An eine »Besserung« des Stresslevels war nicht zu denken, denn die Formulare, die zur Beantragung auf Gewährung eines Existenzgründungszuschusses zur Aufnahme einer selbstständigen Tätigkeit ausgefüllt werden mussten, waren nicht einmal die Spitze der Herausforderung. Nein, es musste auch noch ein Businessplan einschließlich Investitions- und Umsatzplanung, Positionierung des Unternehmens im bestehenden Marktgefüge, Kapitalbedarf und Finanzierungskonzept sowie eine Umsatz- und Rentabilitätsvorschau erstellt werden.

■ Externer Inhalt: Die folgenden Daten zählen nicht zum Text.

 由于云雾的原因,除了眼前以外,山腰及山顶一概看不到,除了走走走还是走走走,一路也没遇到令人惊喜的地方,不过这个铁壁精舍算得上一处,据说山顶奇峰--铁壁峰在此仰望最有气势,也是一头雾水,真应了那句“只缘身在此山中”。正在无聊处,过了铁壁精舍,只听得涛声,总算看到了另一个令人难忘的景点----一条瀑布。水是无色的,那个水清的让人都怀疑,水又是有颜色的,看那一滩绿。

Davon abgesehen wusste ich, dass ich mindestens eine wirklich pfiffige Mitarbeiterin benötigte sowie einen guten Draht zu einigen Handwerkern und Catering-Unternehmen, aber ich hatte bisher weder eine Idee, wo ich das Personal noch wie ich die Kontakte herbeizaubern sollte. Und das Geld für die diversen Investitionen hatte ich auch nicht. Da war familiäre Hilfe gefragt.

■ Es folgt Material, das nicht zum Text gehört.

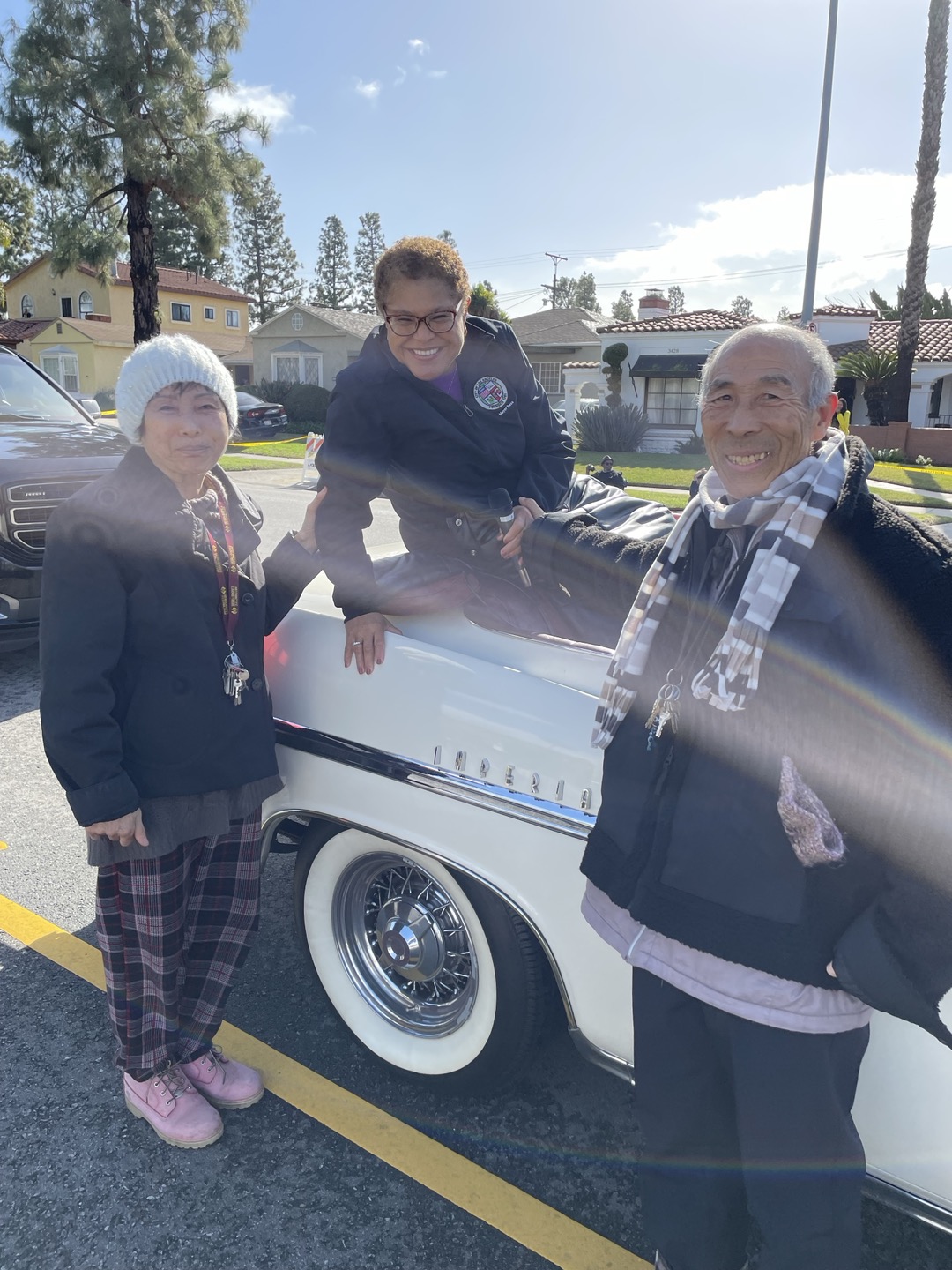 마틴루터킹데이를 기념한 퍼레이드에 참석힌 LA시장 Karen Bass (카렌 바스)와 인사를 나누고 있다.

Meine Familie ist in Ordnung. Ich habe einen älteren Bruder, der so viel älter ist, dass er mein Onkel sein könnte. Er ist nett, aber wir haben uns nicht viel zu sagen. Meine Eltern hatten sich seinerzeit mit ihrem einzigen Sohn abgefunden, die Kinderphase eigentlich als abgeschlossen betrachtet und sich auf ein ruhigeres Leben gefreut, als ich ungeplant in selbiges trat. Vielleicht hat diese Tatsache unser Verhältnis nicht ganz so herzlich werden lassen, wie es in anderen Familien der Fall ist, aber meine Oma entschädigte mich für alles. Meine Oma bewirtschaftete mit ihrem Mann einen Bauernhof, auf dem es für mich immer etwas zu entdecken gab. Das Zentrum der Omawelt war die Küche, in der sie kochte, buk, Gemüse und Obst einweckte und mir bei den Schulaufgaben half. Dort heulte ich wegen aufgestoßener Knie und wurde mit Pflastern und Trostpflästerchen versorgt. Dort heulte ich auch meinen ersten richtigen Liebeskummer aus, der mich gegen Ende der vierten Grundschulklasse ereilte. Er dauerte etwa drei Tage und hinterließ, dank Omas guter Pflege, keine bleibenden Schäden. In Omas Küche lernte ich die Sache mit den Blumen und den Bienen kennen und Oma war es, die mir zu meinem fünfzehnten Geburtstag, an dem meine Mutter mir ein rosafarbenes Blümchenkleid mit Rüschen schenkte, zu einem Termin beim Frauenarzt riet.